WORK ORDER.
Return the data below exactly as given, except for the images.
##### DATA PROVIDED
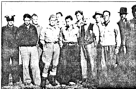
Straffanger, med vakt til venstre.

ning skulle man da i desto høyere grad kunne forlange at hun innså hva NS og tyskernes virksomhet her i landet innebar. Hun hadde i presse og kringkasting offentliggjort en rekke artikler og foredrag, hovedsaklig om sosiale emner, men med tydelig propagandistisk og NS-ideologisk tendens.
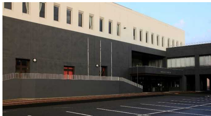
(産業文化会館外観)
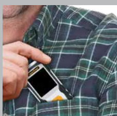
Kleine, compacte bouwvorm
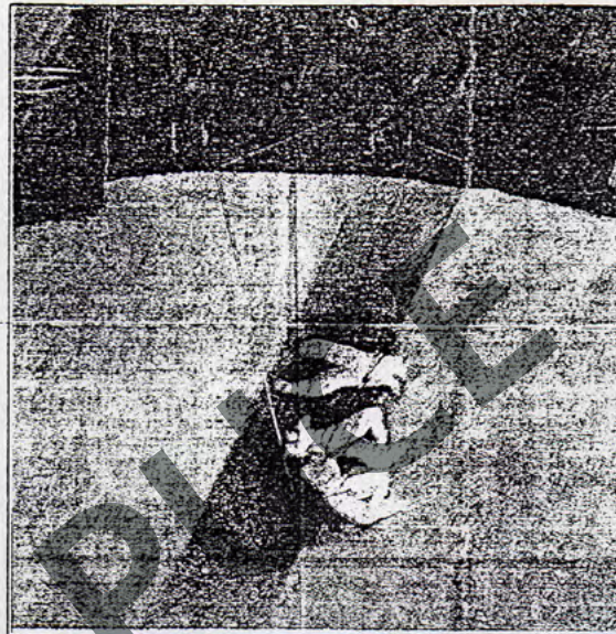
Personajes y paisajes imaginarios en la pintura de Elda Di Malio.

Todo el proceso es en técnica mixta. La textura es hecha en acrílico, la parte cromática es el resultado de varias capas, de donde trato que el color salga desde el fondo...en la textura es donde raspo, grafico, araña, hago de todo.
##########
EXERCISE ANSWER.
Straffanger, med vakt til venstre.

ning skulle man da i desto høyere grad kunne forlange at hun innså hva NS og tyskernes virksomhet her i landet innebar. Hun hadde i presse og kringkasting offentliggjort en rekke artikler og foredrag, hovedsaklig om sosiale emner, men med tydelig propagandistisk og NS-ideologisk tendens.
(産業文化会館外観)
Kleine, compacte bouwvorm
Personajes y paisajes imaginarios en la pintura de Elda Di Malio.

Todo el proceso es en técnica mixta. La textura es hecha en acrílico, la parte cromática es el resultado de varias capas, de donde trato que el color salga desde el fondo...en la textura es donde raspo, grafico, araña, hago de todo.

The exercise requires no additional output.